::: Working data :::

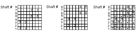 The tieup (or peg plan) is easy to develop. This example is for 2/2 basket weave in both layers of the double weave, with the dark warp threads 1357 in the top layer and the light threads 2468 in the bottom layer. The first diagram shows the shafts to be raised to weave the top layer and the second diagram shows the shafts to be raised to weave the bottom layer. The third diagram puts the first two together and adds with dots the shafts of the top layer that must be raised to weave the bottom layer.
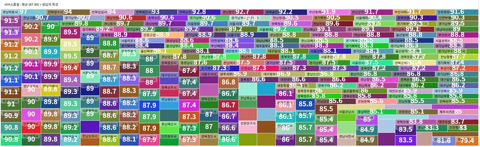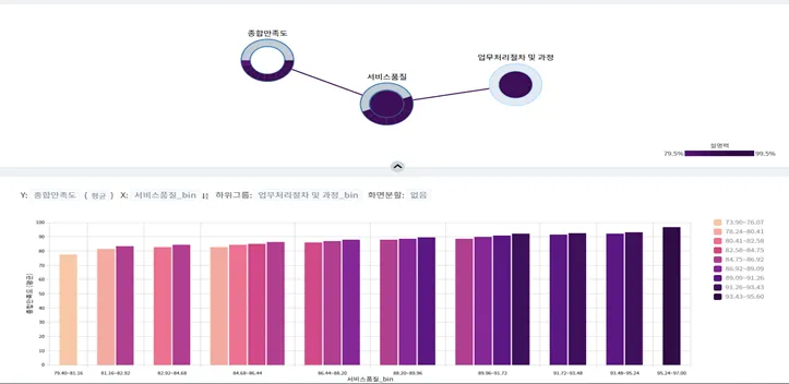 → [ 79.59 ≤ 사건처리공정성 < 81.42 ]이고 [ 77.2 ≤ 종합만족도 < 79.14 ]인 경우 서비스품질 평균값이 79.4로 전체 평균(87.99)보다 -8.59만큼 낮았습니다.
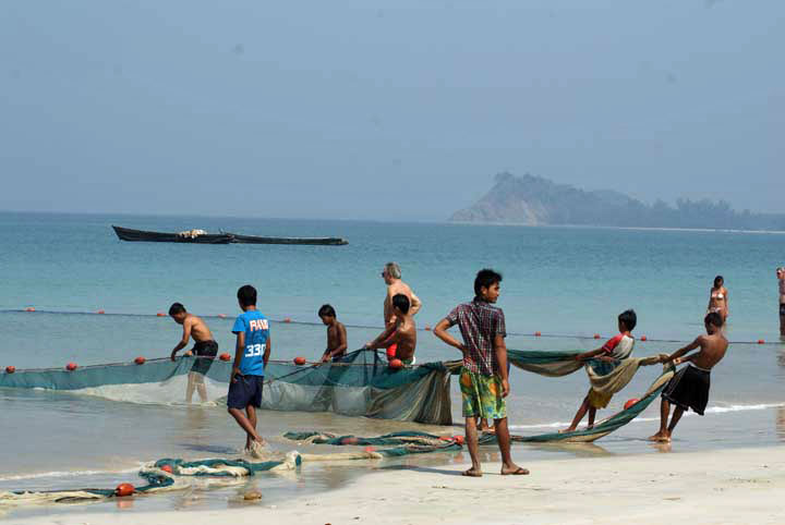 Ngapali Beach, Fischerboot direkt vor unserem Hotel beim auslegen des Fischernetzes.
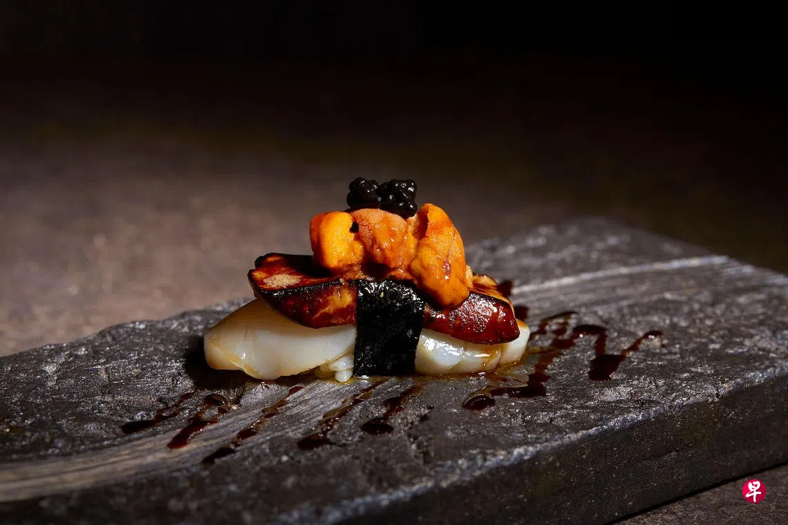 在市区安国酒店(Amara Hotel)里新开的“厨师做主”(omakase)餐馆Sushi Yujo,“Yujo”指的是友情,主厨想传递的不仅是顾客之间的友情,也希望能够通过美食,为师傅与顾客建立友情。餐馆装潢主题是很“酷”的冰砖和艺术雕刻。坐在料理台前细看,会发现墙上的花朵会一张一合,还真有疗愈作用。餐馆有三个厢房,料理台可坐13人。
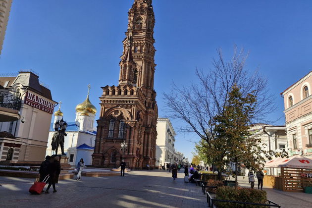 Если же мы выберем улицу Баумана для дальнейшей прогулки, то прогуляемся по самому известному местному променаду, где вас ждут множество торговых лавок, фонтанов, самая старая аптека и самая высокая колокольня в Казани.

:::

Task goal: Each record above should come back exactly the same, only without its pictures.

Solution:
 The tieup (or peg plan) is easy to develop. This example is for 2/2 basket weave in both layers of the double weave, with the dark warp threads 1357 in the top layer and the light threads 2468 in the bottom layer. The first diagram shows the shafts to be raised to weave the top layer and the second diagram shows the shafts to be raised to weave the bottom layer. The third diagram puts the first two together and adds with dots the shafts of the top layer that must be raised to weave the bottom layer.
 → [ 79.59 ≤ 사건처리공정성 < 81.42 ]이고 [ 77.2 ≤ 종합만족도 < 79.14 ]인 경우 서비스품질 평균값이 79.4로 전체 평균(87.99)보다 -8.59만큼 낮았습니다.
 Ngapali Beach, Fischerboot direkt vor unserem Hotel beim auslegen des Fischernetzes.
 在市区安国酒店(Amara Hotel)里新开的“厨师做主”(omakase)餐馆Sushi Yujo,“Yujo”指的是友情,主厨想传递的不仅是顾客之间的友情,也希望能够通过美食,为师傅与顾客建立友情。餐馆装潢主题是很“酷”的冰砖和艺术雕刻。坐在料理台前细看,会发现墙上的花朵会一张一合,还真有疗愈作用。餐馆有三个厢房,料理台可坐13人。
 Если же мы выберем улицу Баумана для дальнейшей прогулки, то прогуляемся по самому известному местному променаду, где вас ждут множество торговых лавок, фонтанов, самая старая аптека и самая высокая колокольня в Казани.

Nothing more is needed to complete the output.